(ACTION ITEM)
Below are the records; give again exactly the lines from the one containing "Des colibris à" through the one containing "中海物业:行业唯一获得国务院国资委中央企业品牌引领行动首批秀成果服务品牌。", leaving out pictures.

[Dataset records]

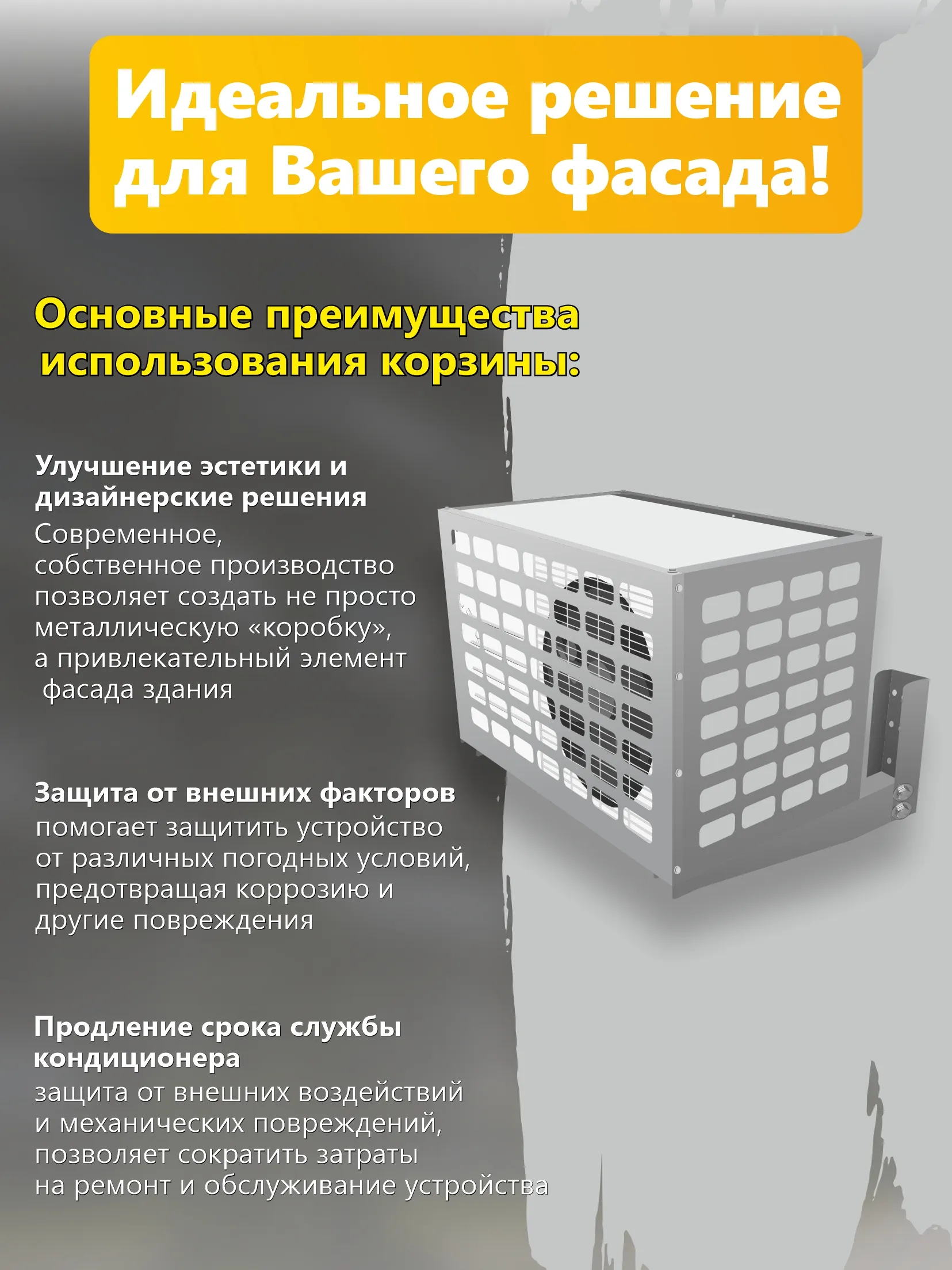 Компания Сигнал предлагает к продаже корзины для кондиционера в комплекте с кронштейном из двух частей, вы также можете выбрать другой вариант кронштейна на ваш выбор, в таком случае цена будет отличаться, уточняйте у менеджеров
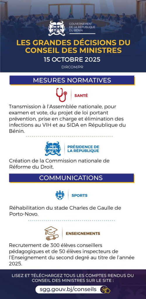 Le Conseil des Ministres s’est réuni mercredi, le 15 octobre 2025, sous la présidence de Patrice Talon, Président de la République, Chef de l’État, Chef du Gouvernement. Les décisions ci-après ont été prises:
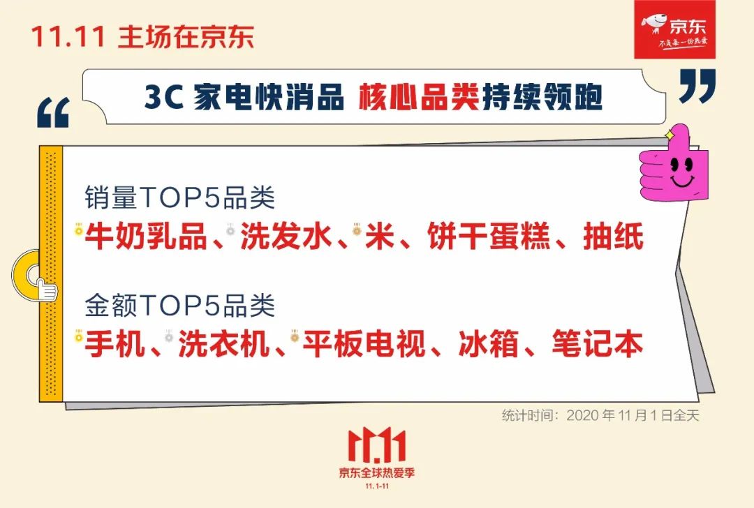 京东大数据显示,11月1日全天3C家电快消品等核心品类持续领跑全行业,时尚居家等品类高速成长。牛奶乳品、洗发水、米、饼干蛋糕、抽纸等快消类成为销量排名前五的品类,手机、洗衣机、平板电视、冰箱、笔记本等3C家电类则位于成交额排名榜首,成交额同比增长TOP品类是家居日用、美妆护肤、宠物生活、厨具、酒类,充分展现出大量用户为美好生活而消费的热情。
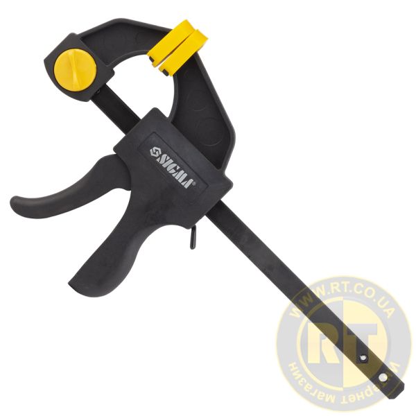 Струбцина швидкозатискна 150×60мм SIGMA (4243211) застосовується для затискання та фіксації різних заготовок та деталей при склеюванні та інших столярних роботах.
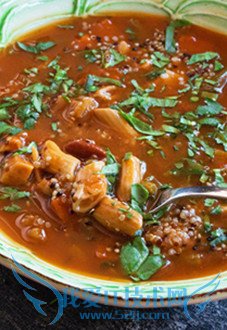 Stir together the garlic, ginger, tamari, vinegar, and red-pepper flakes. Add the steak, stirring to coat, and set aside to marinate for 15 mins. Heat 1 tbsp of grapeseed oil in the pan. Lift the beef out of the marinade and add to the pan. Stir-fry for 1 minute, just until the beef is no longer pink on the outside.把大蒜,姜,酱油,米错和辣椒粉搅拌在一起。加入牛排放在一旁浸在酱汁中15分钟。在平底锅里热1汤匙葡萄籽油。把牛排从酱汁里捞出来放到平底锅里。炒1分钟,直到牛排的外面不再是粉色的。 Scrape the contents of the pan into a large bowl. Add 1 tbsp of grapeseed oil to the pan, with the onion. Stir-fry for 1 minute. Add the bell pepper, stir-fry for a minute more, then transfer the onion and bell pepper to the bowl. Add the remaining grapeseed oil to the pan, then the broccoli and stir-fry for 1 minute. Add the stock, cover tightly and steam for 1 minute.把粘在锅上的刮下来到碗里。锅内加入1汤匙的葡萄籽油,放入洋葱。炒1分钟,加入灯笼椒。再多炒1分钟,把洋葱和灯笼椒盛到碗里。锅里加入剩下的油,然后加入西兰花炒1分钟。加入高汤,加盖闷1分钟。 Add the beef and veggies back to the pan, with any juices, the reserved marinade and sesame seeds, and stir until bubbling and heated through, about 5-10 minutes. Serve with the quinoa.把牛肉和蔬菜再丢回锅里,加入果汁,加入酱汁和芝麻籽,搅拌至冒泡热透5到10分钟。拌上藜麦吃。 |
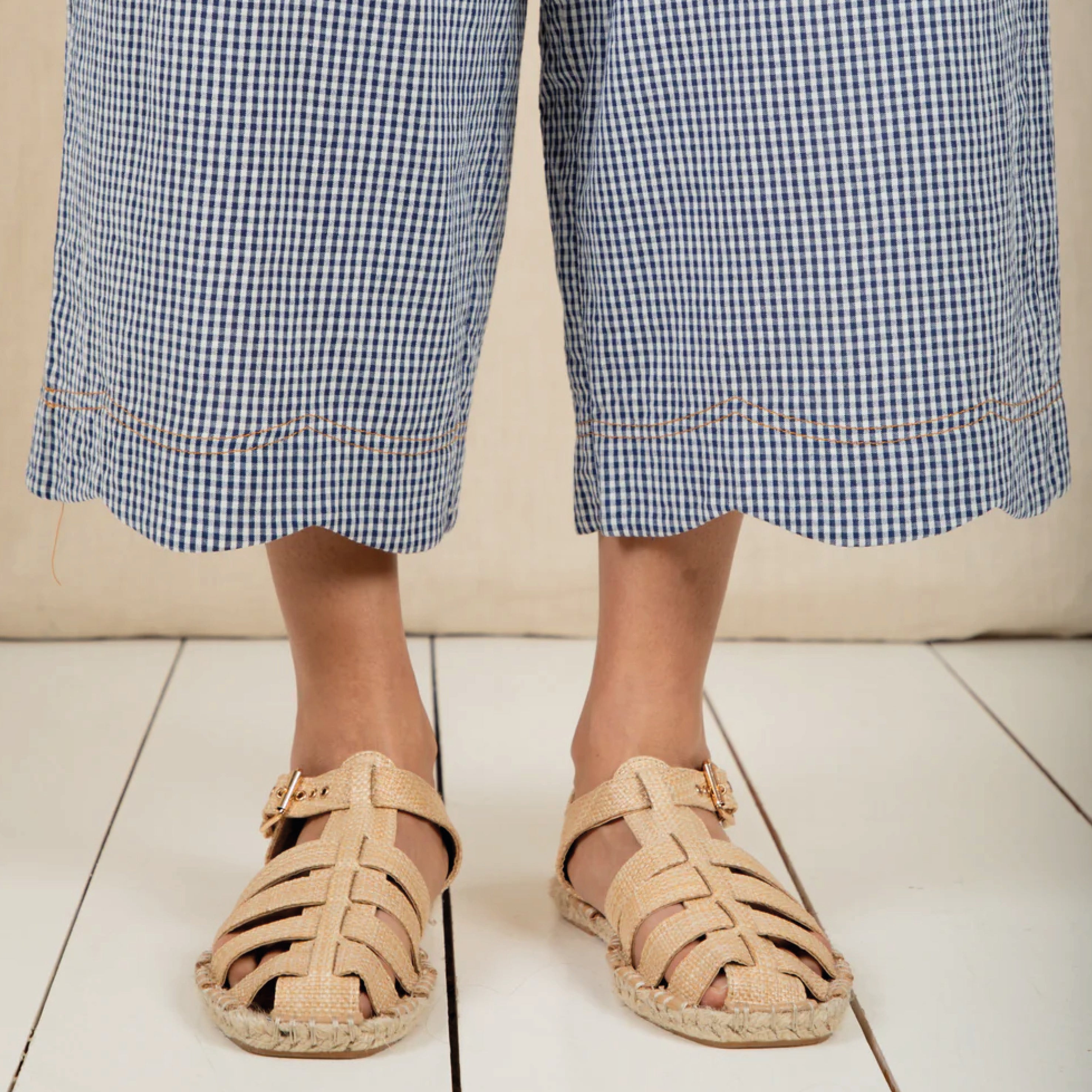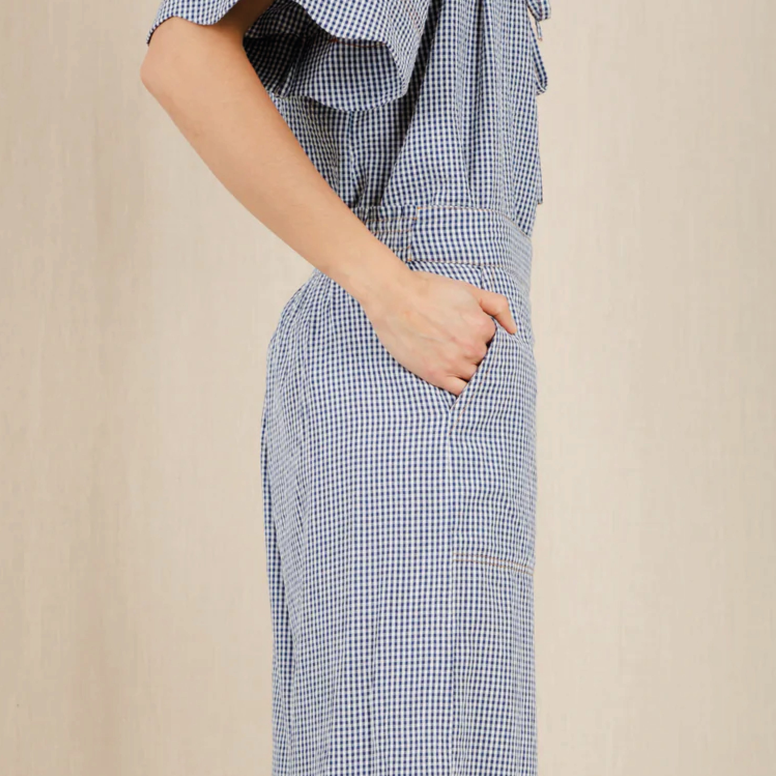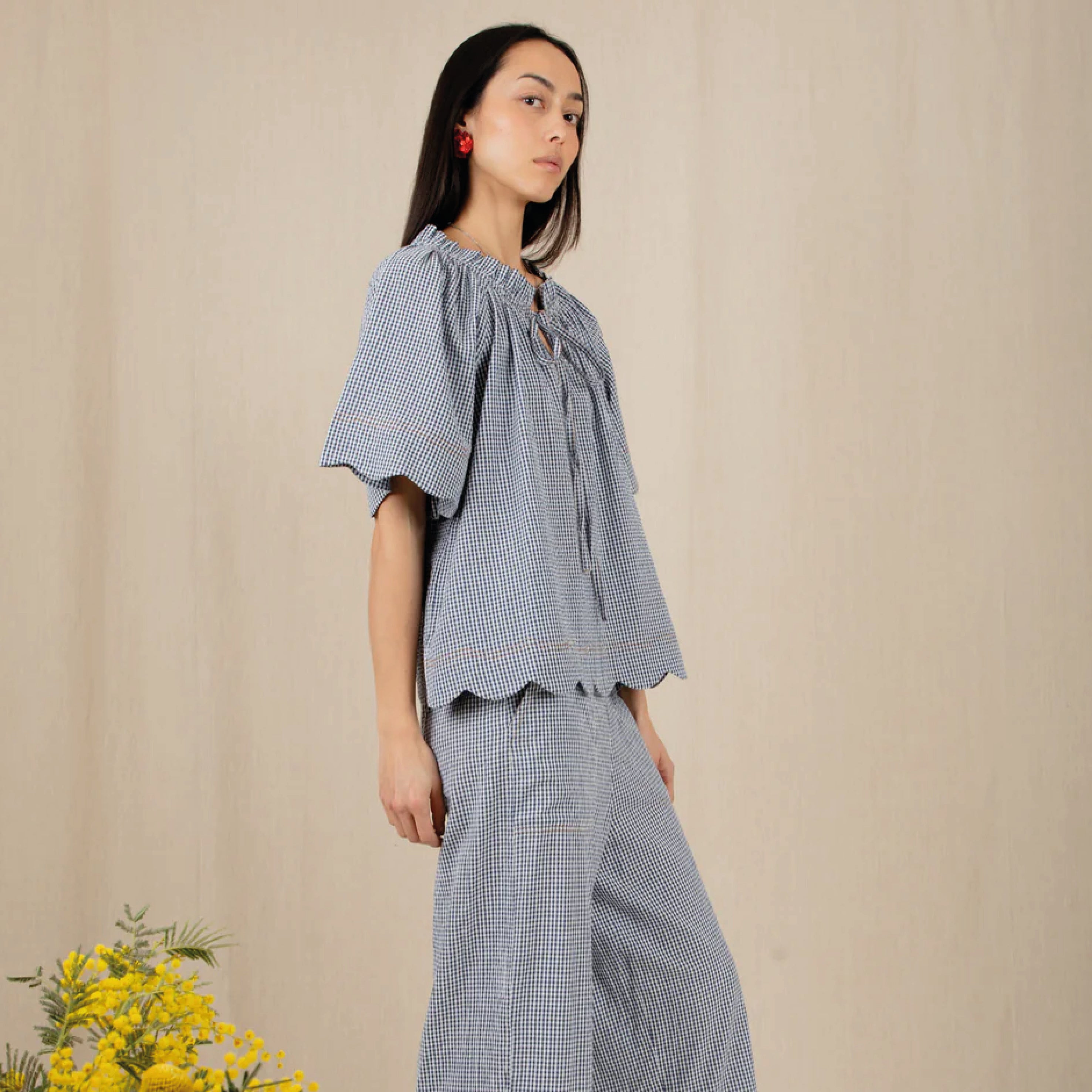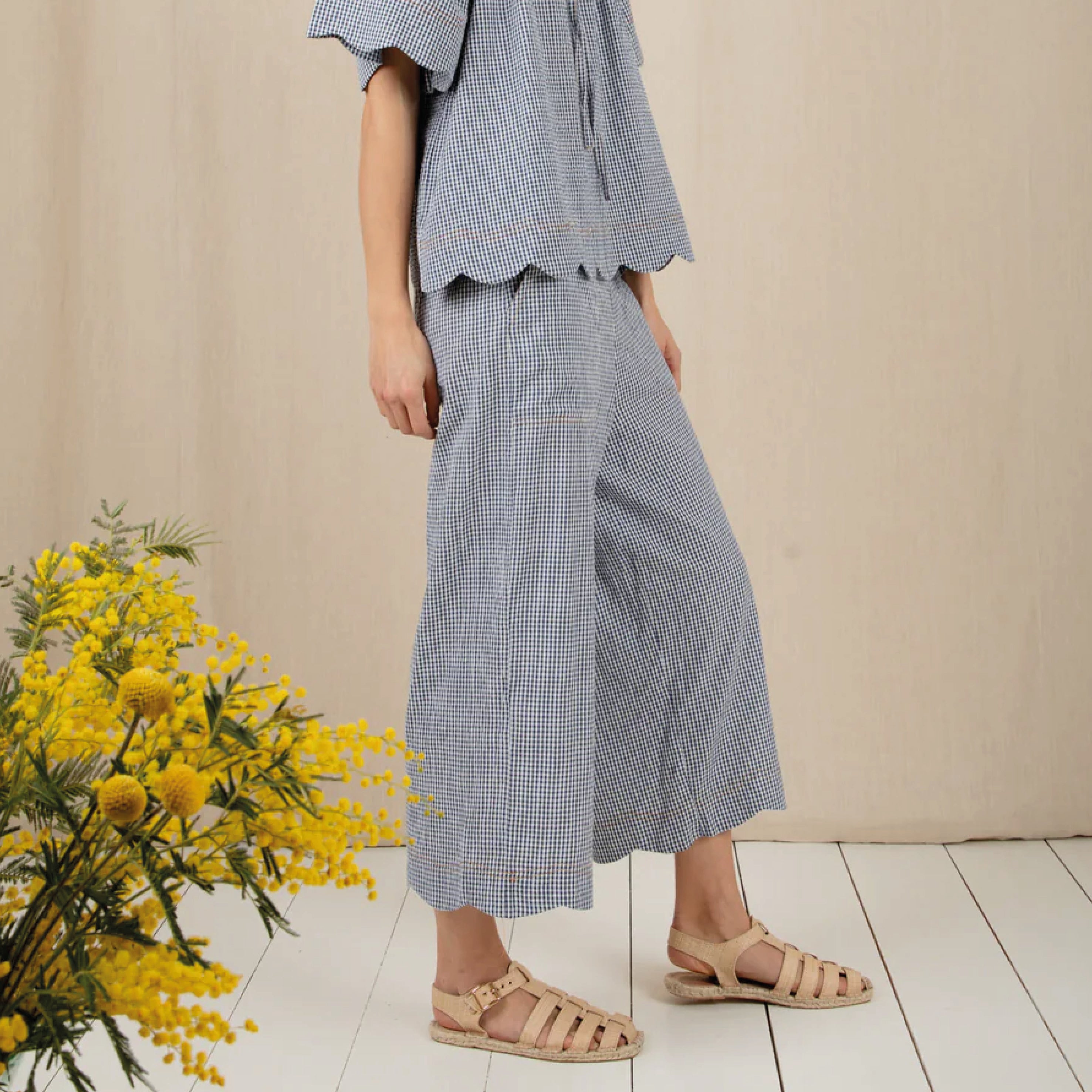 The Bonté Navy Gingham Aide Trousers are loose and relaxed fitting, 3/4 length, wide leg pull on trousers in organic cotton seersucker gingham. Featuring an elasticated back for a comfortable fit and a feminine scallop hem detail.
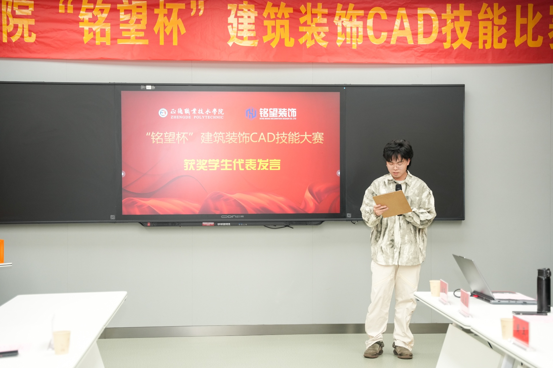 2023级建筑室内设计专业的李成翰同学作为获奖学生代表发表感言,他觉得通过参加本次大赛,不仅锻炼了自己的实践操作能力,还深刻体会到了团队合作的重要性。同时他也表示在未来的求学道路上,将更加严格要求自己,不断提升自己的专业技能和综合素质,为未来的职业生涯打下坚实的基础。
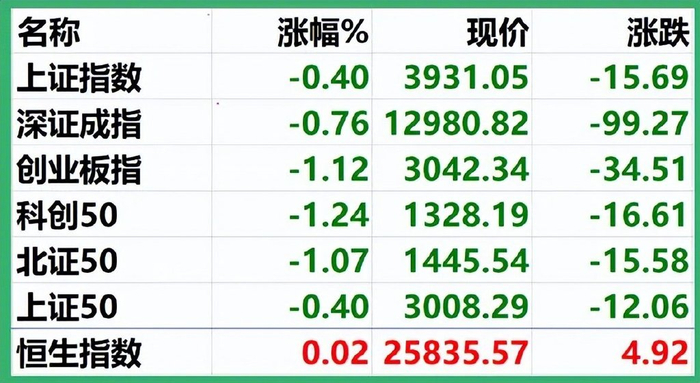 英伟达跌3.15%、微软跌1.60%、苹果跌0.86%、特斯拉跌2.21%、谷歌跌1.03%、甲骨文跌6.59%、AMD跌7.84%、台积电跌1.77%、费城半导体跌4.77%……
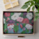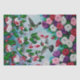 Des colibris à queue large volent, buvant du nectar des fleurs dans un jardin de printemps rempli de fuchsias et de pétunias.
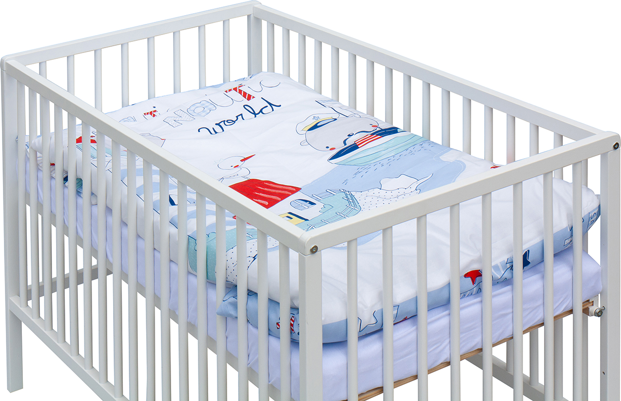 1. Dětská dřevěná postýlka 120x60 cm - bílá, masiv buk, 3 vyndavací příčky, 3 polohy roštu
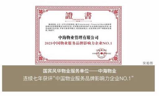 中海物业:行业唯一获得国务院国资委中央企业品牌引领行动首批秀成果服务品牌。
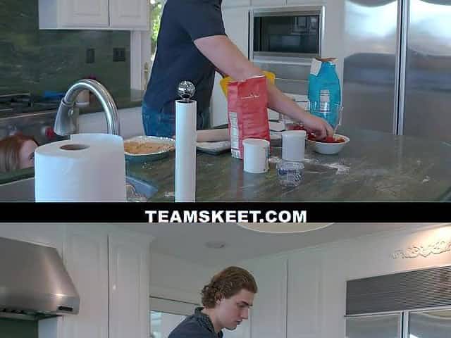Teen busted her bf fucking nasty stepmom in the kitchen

(WRITTEN SOLUTION)
 Des colibris à queue large volent, buvant du nectar des fleurs dans un jardin de printemps rempli de fuchsias et de pétunias.
 1. Dětská dřevěná postýlka 120x60 cm - bílá, masiv buk, 3 vyndavací příčky, 3 polohy roštu
 中海物业:行业唯一获得国务院国资委中央企业品牌引领行动首批秀成果服务品牌。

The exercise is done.